Electrical conductivity of point microbridges and phonon and impurity spectroscopy in normal metals
Annotatsiya
A theory of the nonlinear effects in the electrical conductivity of metallic microbridges is constructed which is based on a model consisting of a hole of radius a in an impermeable partition separating two metallic half-spaces. The electron distribution function, which is a function of the coordinates and which is sharply anisotropic in momentum space, and the electric field distribution in the vicinity of the constriction are found in the limit 1 ⪢ a (where 1 is the electron mean free path). The current–voltage characteristic of the bridge contains nonlinearities induced by inelastic relaxation of electrons on phonons and also on impurities with internal degrees of freedom.

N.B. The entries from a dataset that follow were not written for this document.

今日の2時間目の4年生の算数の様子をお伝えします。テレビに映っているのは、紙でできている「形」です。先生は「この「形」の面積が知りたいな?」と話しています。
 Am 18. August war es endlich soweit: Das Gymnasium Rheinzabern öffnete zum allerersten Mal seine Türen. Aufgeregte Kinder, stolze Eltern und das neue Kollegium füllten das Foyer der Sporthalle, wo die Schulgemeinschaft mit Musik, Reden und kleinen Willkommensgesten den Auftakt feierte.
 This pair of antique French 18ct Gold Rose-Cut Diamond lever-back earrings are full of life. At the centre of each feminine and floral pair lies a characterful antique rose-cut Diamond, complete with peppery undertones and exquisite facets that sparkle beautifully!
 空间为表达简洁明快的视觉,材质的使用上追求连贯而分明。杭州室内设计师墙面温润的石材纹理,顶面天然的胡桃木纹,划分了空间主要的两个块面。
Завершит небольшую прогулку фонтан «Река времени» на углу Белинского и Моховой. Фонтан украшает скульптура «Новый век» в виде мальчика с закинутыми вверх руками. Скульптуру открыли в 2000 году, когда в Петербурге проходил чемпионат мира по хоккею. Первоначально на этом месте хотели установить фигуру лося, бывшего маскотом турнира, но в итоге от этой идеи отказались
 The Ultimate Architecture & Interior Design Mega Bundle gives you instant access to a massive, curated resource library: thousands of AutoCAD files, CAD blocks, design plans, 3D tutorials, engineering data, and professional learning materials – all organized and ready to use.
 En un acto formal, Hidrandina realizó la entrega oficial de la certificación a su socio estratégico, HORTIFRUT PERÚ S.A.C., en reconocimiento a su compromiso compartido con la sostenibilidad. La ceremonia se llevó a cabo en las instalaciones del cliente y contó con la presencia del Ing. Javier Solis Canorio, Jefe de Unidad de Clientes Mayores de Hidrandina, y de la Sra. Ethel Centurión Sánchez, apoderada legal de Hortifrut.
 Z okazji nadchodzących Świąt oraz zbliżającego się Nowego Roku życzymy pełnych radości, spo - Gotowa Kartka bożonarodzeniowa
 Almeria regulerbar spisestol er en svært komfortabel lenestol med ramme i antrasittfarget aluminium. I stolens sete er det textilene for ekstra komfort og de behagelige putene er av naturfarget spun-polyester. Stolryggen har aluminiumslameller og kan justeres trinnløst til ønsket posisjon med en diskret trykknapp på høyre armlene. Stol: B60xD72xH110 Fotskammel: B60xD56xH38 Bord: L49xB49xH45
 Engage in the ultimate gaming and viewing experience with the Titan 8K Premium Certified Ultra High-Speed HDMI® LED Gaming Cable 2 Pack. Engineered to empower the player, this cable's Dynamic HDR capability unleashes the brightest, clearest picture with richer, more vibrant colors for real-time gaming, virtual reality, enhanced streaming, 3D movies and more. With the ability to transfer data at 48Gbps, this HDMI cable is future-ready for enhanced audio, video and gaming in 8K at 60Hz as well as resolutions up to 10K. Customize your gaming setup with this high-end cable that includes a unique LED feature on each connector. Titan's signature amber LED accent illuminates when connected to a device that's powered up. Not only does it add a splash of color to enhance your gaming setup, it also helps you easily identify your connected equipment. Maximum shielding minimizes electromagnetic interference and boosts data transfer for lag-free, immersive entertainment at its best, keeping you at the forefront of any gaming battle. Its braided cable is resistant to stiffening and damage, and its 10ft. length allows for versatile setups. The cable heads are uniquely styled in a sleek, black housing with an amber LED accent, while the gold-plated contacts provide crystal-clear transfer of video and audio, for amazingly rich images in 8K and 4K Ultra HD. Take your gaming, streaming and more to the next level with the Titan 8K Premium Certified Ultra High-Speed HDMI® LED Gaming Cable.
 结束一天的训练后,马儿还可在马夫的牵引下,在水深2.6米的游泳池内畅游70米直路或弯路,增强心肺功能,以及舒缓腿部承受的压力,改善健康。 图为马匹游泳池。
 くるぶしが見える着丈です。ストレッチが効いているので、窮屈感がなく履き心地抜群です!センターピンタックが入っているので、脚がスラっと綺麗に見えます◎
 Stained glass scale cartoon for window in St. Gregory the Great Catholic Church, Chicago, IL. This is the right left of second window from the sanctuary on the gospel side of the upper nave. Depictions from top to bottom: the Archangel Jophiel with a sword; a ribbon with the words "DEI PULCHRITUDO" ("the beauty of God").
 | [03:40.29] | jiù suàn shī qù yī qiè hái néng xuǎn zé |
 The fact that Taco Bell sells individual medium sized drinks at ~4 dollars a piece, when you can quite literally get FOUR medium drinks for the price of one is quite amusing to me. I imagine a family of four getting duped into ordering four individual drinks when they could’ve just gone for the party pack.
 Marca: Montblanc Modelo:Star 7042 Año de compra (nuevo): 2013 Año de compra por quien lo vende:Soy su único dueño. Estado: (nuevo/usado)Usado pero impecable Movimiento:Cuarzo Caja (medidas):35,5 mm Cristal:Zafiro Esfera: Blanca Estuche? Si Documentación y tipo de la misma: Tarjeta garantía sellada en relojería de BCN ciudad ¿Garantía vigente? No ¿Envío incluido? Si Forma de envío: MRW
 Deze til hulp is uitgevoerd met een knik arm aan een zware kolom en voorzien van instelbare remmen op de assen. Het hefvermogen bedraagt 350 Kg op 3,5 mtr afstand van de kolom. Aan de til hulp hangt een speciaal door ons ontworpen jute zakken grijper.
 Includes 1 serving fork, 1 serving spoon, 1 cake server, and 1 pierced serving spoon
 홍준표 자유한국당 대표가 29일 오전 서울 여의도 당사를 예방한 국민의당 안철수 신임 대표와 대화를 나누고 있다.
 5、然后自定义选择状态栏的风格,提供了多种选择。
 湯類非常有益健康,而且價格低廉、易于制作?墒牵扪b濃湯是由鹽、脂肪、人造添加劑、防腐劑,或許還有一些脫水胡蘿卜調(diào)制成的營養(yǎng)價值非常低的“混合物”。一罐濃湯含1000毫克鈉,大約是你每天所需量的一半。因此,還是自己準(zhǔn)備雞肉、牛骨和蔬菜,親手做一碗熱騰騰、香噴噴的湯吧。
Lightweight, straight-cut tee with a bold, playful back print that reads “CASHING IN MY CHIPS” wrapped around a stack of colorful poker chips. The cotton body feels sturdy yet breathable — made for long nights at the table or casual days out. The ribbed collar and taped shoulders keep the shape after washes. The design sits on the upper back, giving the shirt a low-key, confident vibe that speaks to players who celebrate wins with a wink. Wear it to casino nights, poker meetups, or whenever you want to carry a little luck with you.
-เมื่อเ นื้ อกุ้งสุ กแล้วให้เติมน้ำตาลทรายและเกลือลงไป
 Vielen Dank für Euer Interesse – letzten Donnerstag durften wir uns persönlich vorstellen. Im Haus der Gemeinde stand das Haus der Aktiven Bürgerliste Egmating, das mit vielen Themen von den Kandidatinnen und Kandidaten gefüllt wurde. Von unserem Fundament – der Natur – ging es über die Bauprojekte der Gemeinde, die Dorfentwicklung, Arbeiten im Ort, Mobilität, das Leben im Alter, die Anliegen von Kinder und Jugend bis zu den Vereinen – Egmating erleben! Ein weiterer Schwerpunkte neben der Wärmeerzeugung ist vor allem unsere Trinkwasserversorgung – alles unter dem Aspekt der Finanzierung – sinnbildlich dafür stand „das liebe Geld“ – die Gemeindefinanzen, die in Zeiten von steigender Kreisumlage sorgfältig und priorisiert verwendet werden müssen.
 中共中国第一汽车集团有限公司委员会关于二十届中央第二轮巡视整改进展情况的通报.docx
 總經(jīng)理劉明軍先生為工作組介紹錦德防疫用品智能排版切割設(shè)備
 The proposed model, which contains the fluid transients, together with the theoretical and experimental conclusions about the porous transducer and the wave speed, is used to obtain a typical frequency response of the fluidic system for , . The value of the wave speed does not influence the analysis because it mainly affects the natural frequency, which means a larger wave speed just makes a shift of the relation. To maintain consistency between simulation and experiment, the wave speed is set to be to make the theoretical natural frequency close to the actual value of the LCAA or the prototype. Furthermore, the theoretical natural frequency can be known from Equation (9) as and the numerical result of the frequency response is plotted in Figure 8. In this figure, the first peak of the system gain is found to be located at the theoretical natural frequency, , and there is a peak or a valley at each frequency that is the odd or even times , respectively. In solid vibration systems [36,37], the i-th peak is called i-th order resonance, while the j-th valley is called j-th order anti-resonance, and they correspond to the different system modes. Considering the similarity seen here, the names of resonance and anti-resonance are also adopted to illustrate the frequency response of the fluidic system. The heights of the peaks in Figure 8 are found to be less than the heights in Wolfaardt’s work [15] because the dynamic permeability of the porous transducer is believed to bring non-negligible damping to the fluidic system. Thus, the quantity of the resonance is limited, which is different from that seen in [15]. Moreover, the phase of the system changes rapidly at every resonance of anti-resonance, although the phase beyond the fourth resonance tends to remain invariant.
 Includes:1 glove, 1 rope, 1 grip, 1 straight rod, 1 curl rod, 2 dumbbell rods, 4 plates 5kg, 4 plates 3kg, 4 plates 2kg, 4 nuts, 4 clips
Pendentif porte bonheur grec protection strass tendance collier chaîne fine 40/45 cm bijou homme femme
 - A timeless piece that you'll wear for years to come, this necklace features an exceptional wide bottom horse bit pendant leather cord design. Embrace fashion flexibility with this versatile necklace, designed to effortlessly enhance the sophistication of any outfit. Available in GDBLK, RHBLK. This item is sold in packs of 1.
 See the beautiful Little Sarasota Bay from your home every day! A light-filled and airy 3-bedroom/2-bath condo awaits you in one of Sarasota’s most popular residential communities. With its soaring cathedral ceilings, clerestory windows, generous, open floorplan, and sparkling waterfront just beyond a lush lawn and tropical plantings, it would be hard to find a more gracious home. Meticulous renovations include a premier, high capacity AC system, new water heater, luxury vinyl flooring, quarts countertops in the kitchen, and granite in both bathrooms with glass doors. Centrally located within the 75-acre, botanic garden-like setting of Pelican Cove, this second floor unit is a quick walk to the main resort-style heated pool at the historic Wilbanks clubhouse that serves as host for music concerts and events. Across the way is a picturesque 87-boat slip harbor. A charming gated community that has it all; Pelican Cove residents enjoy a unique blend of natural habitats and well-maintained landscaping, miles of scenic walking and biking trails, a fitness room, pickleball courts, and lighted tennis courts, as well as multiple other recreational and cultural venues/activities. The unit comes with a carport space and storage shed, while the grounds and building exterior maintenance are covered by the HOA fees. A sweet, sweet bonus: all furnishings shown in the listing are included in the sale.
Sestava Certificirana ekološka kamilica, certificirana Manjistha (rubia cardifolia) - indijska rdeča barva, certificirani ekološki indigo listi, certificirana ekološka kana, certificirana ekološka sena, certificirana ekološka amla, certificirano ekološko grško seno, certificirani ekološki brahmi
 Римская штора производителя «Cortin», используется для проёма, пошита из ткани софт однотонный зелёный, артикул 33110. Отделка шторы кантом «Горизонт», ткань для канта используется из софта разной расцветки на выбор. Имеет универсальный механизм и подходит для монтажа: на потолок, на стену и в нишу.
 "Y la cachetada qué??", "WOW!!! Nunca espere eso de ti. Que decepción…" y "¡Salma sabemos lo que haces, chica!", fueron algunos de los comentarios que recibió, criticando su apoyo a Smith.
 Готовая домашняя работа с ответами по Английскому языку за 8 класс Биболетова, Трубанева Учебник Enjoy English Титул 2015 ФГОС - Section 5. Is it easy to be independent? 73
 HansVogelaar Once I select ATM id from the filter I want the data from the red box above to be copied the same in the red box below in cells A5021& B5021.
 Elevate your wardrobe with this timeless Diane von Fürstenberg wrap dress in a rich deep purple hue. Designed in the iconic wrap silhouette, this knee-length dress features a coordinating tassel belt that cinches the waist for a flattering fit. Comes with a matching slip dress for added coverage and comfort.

The second derivative of the current with respect to voltage is proportional to the constriction spectral function G(ω), which differs from the electron–phonon coupling function normally employed g(ω) by the presence of an additional structure factor K(v,v′) allowing for the geometry of the constriction. At small frequenceis (ω ⪡ ωD) the function G(ω) is proportional to ω4; at frequencies ω ∼ ωD the constriction spectral function G(ω) reflects the singularities of the phonon density of states (including the van Hove singularities). In the case of inelastic scattering of electrons on impurities localized near the hole, the function G(ω) contains peaks corresponding to the discrete impurity excitation levels.